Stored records
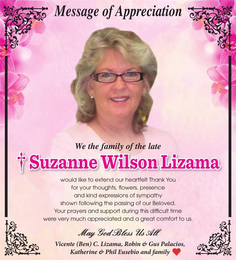 Maria Amparo Tudela Palacios Crisostomo family message of appreciation
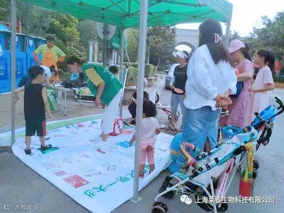 “再抛一次,加油加油......来来来”,走六步,一、二、三、四、五......孩子们玩得可开心了,吸引了很多家长和孩子们。7月9日上午,上海莱泰工作人员走进阿卡迪亚小区以“抛个骰子拉拉手,垃圾分类棋步走”的主题活动。
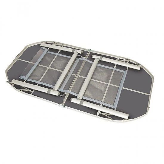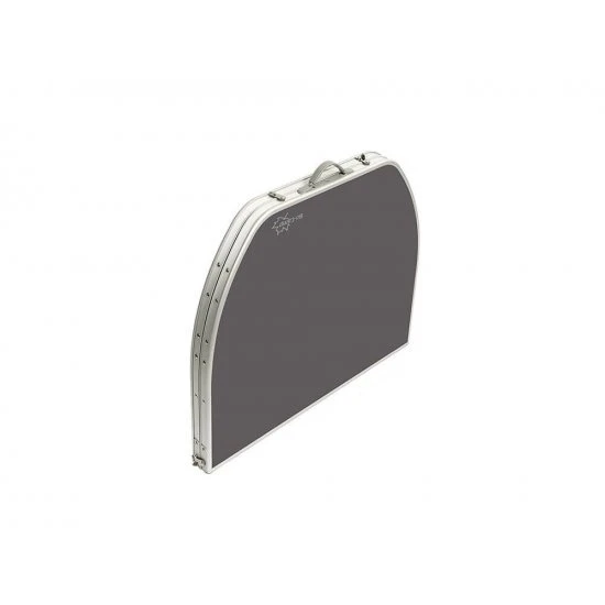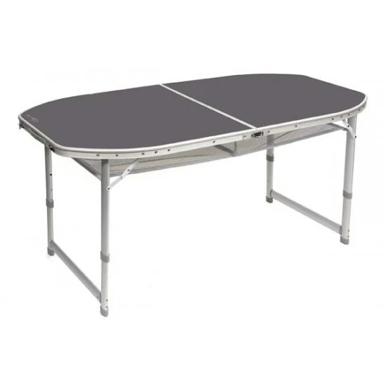 Een stabiele ovalen campingtafel. Deze tafel heeft verstelbare poten, stelschroeven voor extra fijnstelling en een deelbaar tafelblad. Hierdoor is de tafel eenvoudig op te vouwen tot koffermodel. Gemaakt van lichtgewicht aluminium. De poten zijn in 3 verschillende hoogtes verstelbaar (55/65/70 cm). Onder het tafelblad is een net bevestigd om spullen op te bergen. Ingeklapt (lxbxh): 80x75x7cm
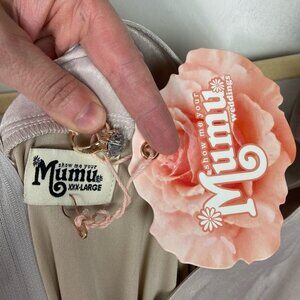Show Me Your Mumu Jenn Maxi Dress in Show Me The Ring Sheen. From Mumu Bridesmaid Wedding collection.Women’s size XXXL. A fitted bodice with a deep neckline is mirrored in the back with a low-v, then flows out to a full, flattering skirt. Silky fabric - 100% Polyester. Lined in bust, unlined skirt, opaque fabric. No slits. Zipper closure in back. Detachable sash included. Brand new with tags! No flaws.
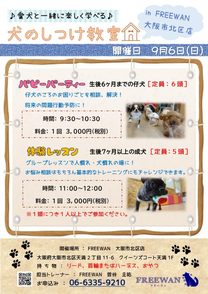 9月よりFREEWAN大阪市北区店にてしつけ教室の開催が決定いたしました!
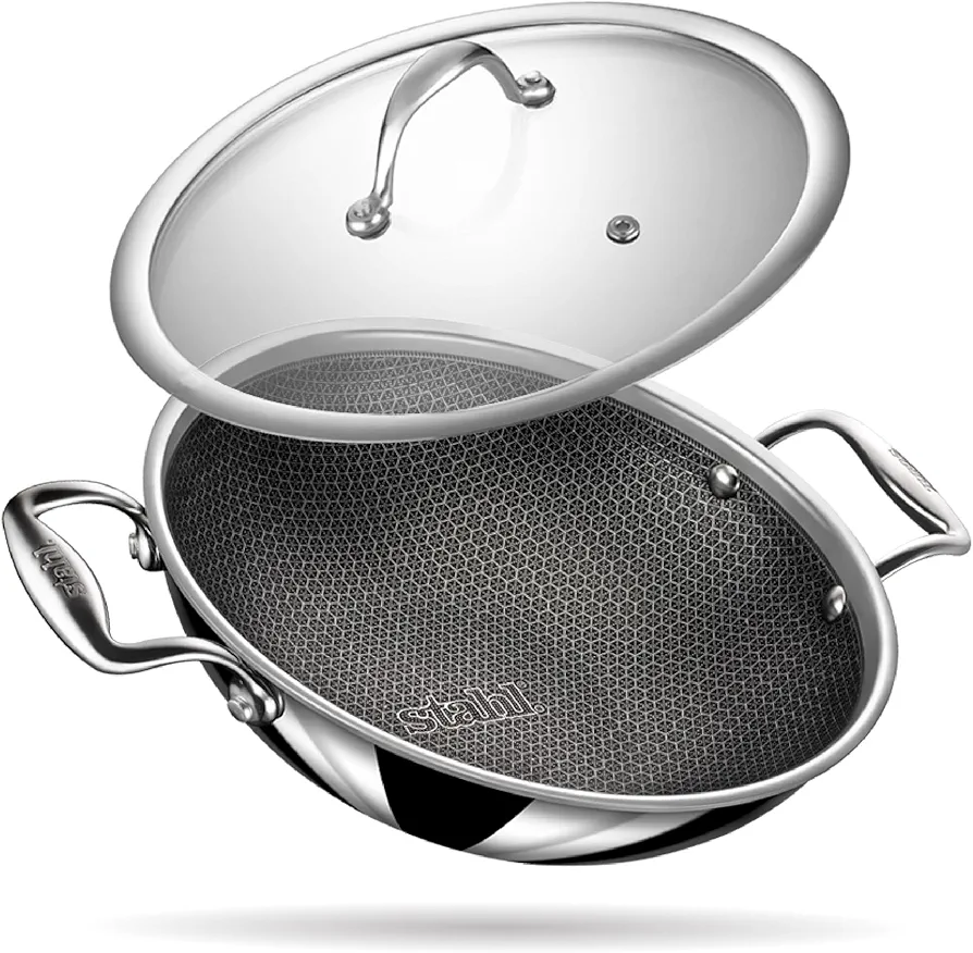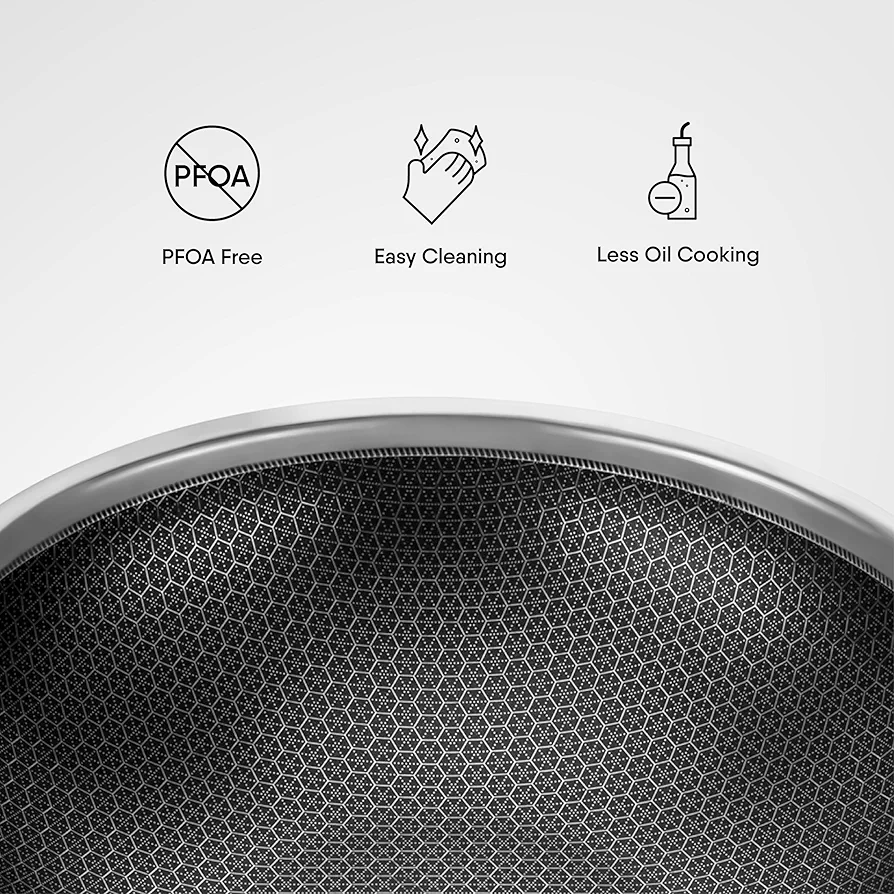 0% Contact with Aluminium, 100% PFOA free, Heat Proof Custom Designed Handles, Induction Stovetop Compatible, Spill Proof Edges0% Contact with Aluminium, 100% PFOA free, Heat Proof Custom Designed Handles, Induc…
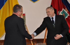 Голова лічильної комісії Володимир Лосіцький, голова райдержадміністрації Олександр Лісовий та весь депутатський корпус привітали Валерія Петровича з обранням його на посаду голови Золотоніської районної ради.
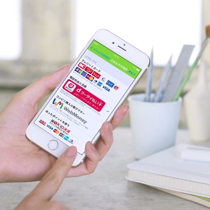 クレジットカード決済、携帯電話の通信料金と合わせて支払えるキャリア決済(auかんたん決済、dケータイ払いプラス、ソフトバンクまとめて支払い)、コンビニで買える電子マネー(WebMoney)、楽天ID決済に対応しています。
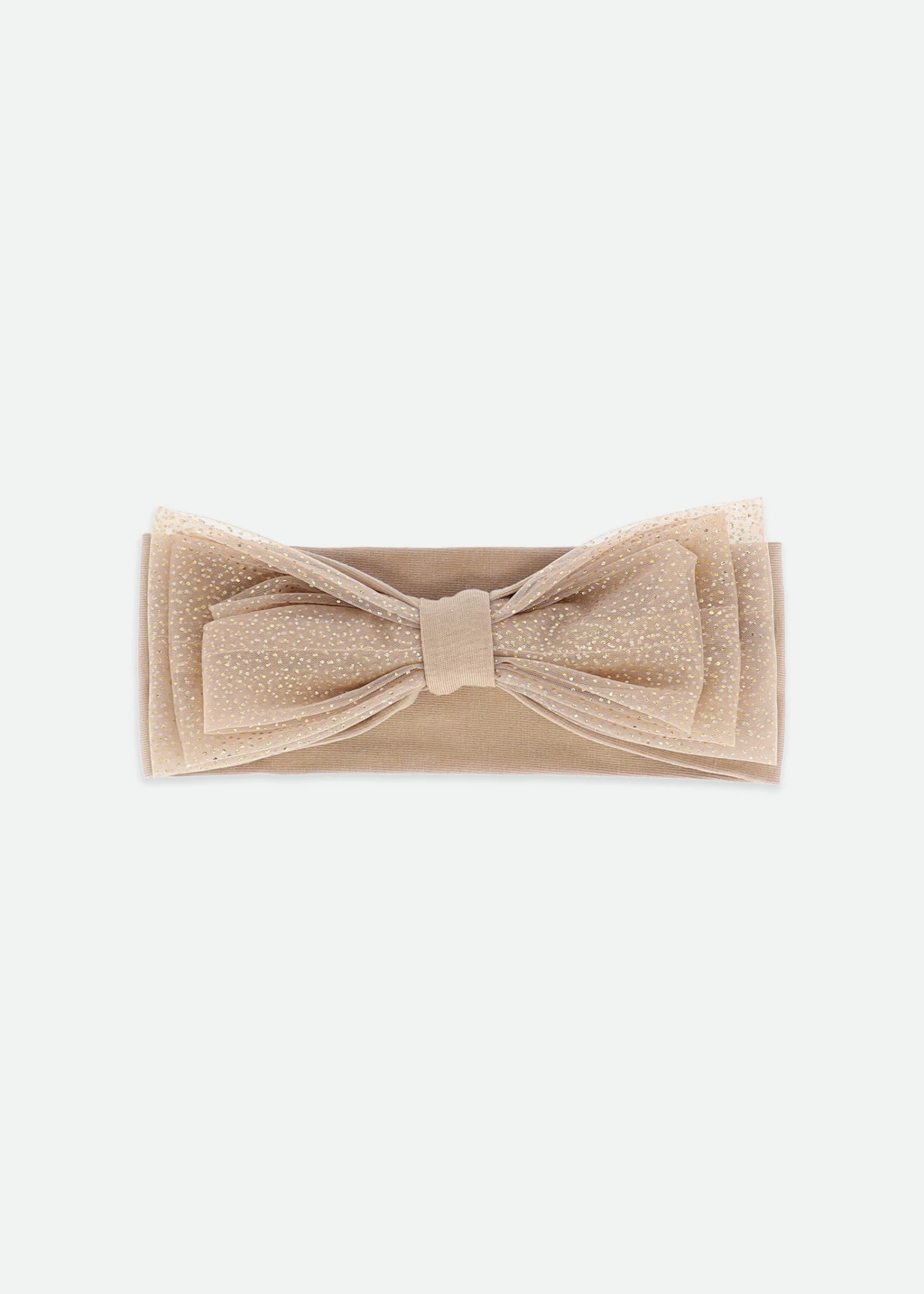 Baby girls bow headband in sand, detailed with layers of soft sparkle tulle. Headband is made from the softest stretch cotton for an easy comfortable fit.
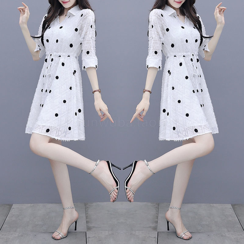 2021 새로운 여름 웨스턴 스타일 쉬폰 셔츠 원피스 여성용 슬림 핏 짧은 요정 치마스토어 가기
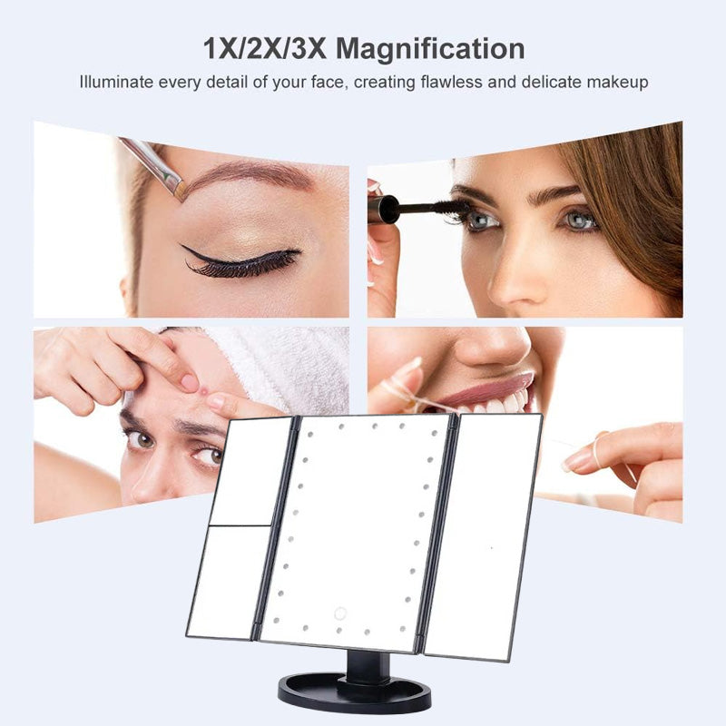 {Gratis Frakt}Tre-sidig sammenleggbart Led-sminkespeil
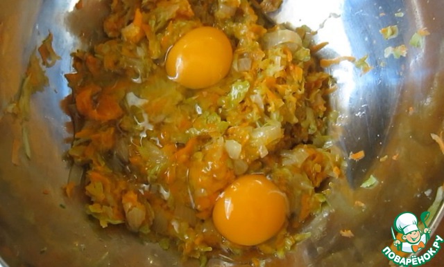 Когда овощи готовы, снова перекладываем их в миску, разбиваем 2 яйца, солим (~0,5 ч. л) и перчим по вкусу, перемешиваем.
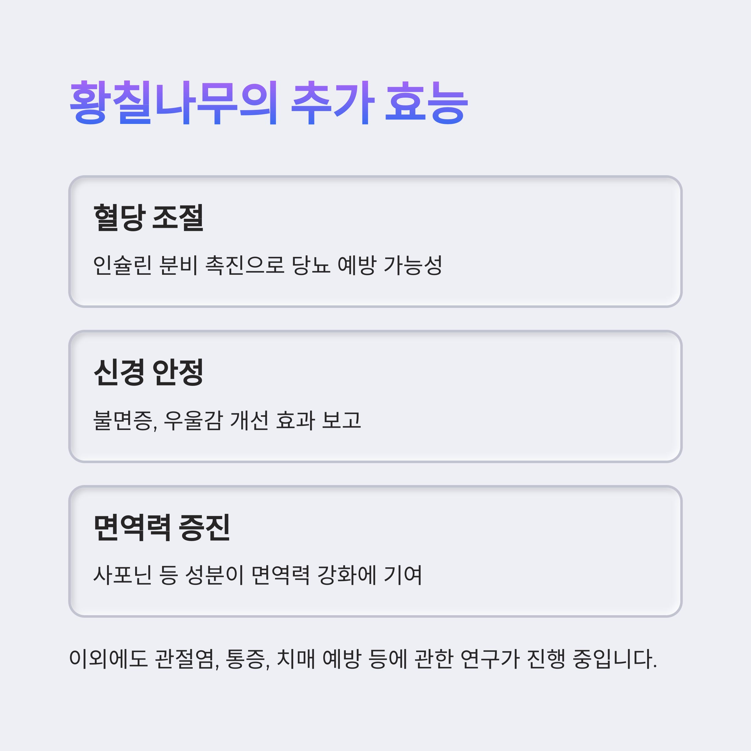 | 혈당 조절 | 인슐린 분비 촉진으로 당뇨 예방 가능성 |
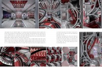 礼物区展台以MAC魅可经典产品包装为原型,保留产品辨识度,又赋予空间戏剧化叙事,通过工业美学与实用功能的动态平衡,将商业行为转化为可感知的品牌美学体验。多功能活动区以天花悬垂的一截钢琴机械构建作为叙事线索,引导顾客的探索动线。落位于四角的一体式化妆台,以MAC魅可产品包装为原型,巧妙融入了可开合式镜面柜及可抽拉式化妆椅。可变形态的灵活设计,让空间在艺术展陈与商业活动自由切换。

**ABOUT THIS TASK**. Set down the records above exactly as written, beginning with the first line and ending with the line that contains "9月よりFREEWAN大阪市北区店にてしつけ教室の開催が決定いたしました!", and do not include pictures.

**FINISHED EXERCISE**.
 Maria Amparo Tudela Palacios Crisostomo family message of appreciation
 “再抛一次,加油加油......来来来”,走六步,一、二、三、四、五......孩子们玩得可开心了,吸引了很多家长和孩子们。7月9日上午,上海莱泰工作人员走进阿卡迪亚小区以“抛个骰子拉拉手,垃圾分类棋步走”的主题活动。
 Een stabiele ovalen campingtafel. Deze tafel heeft verstelbare poten, stelschroeven voor extra fijnstelling en een deelbaar tafelblad. Hierdoor is de tafel eenvoudig op te vouwen tot koffermodel. Gemaakt van lichtgewicht aluminium. De poten zijn in 3 verschillende hoogtes verstelbaar (55/65/70 cm). Onder het tafelblad is een net bevestigd om spullen op te bergen. Ingeklapt (lxbxh): 80x75x7cm
Show Me Your Mumu Jenn Maxi Dress in Show Me The Ring Sheen. From Mumu Bridesmaid Wedding collection.Women’s size XXXL. A fitted bodice with a deep neckline is mirrored in the back with a low-v, then flows out to a full, flattering skirt. Silky fabric - 100% Polyester. Lined in bust, unlined skirt, opaque fabric. No slits. Zipper closure in back. Detachable sash included. Brand new with tags! No flaws.
 9月よりFREEWAN大阪市北区店にてしつけ教室の開催が決定いたしました!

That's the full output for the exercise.